With only Leander Paes as the top player in the side, V M Ranjeet, Vijayant Malik and Purav Raja will make their Davis Cup debuts and they will have to play out of their skins to help India win the tie.
It's the second consecutive tie, the build up of which has been marred by an needless controversy.
Earlier, Mahesh Bhupathi and Rohan Bopanna were axed before the New Zealand tie in September last year, on grounds of indiscipline.
And now 11 top players, led by Somdev Devvarman, have been left out as the disgruntled players and the national federation could not reach a settlement in time.
India would have started as outright favourites at home with a full-strength team against the current team fielded by Korea but now the hosts would enter the contest as underdogs.
It will be interesting to see how Paes, who will be playing his 49th Davis Cup tie, anchors the side. He will be in action only on Saturday for the doubles but his role is much bigger on Friday and Sunday when the singles rubbers will be played.
There was a palpable change in the mood of the camp ever since Paes joined the team on Tuesday. It took just the presence of Paes to turn the mood from sombre to jovial.
And in Davis Cup, it's completely different from the matches on the Tour. Playing for the nation is an incentive enough for the players to push themselves to limit.
It will be first assignment for Zeeshan Ali as India coach and last for S P Misra as non-playing captain and both of them would want a good result for obvious reasons.
The expectations from Ranjeet and Malik, ranked 517 and 541 respectively, would be to at least put up a decent fight and they would also be eager to prove a point after being labelled as members of a third-string team.
The players they will be encountering are Suk-Young Jeong, ranked 321 and Min-Hyeok Cho, who is not ranked in the ATP chart but has the experience of playing two Davis Cup ties.
Jeong has won two of the five singles that he has played so far in the Davis Cup, while Cho had battled well against Australia. If Ranjeet could tame Cho on the opening day, it will enhance India's chances.
Min-Hyeok Cho has a good reputation back home and he's a tough customer despite winning just one of the three Davis Cup matches. His two defeats have come against tough Australians -- Bernard Tomic and Marinko Matosevic.
Ji Sung Nam, the fourth player of the side, is yet to make his debut and he will play the doubles alongwith Yong-Kyu Lim.
Surprisingly, the Korean captain has chosen Lim for the doubles, despite the fact that he is experienced in playing singles rubber.
The Korean captain explained that Cho was in good touch and that is why they have chosen him for the singles and since Lim has experience, they wanted him to play in the doubles against a team which has a seasoned player in Paes.
The most comforting factor for India is the presence of Paes for the doubles. India can be assured of clinching the Saturday rubber when Paes and US-based Raja enters the court.
Paes has this history of producing results with even inexperienced players and the latest example was during London Olympics, where he and Vishnu Vardhan fought hard as a team.

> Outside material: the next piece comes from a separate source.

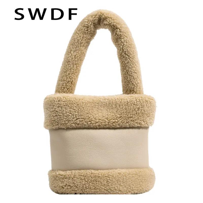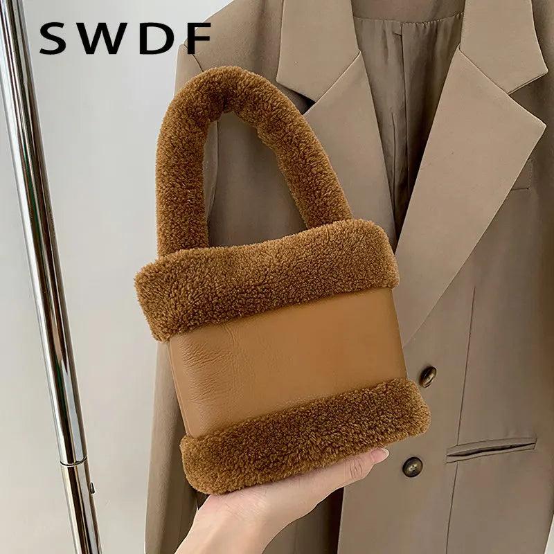 Stay cozy and stylish with this retro winter woolen faux fur tote bag. The teddy curl plush design adds a touch of luxury, making it the perfect accessory for colder weather.

And now he has a good partner in Raja, who is now ranked 161 and won three Futures titles apart from ending runners-up in other Challenger events, last season.

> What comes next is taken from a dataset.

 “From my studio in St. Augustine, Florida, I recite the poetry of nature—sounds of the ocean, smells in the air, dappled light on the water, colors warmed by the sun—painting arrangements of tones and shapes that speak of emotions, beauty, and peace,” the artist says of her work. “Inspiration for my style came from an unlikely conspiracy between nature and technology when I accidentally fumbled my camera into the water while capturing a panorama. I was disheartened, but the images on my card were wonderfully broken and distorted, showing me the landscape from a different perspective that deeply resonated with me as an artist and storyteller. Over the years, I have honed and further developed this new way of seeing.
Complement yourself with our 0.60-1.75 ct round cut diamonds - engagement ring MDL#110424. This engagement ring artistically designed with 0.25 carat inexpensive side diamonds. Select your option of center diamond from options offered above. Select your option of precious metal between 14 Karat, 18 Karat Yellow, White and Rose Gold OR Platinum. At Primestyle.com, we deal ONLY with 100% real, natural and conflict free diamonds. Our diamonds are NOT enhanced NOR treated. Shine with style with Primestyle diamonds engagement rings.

The courts at the R K Khanna tennis stadium are still slow and hanging in, retrieving the balls, would be crucial to the outcome of the matches.
Even Paes mentioned that since and he and Raja are both serve and volley players, they will have to adjust their game and play more from the baseline.
The winner of the tie will advance to the second round, slated for April 5 to 7.
The head-to-head record is 5-3 in the favour of Korea and the last time two sides clashed was back in 2006 when the visitors had won in Korea 4-1.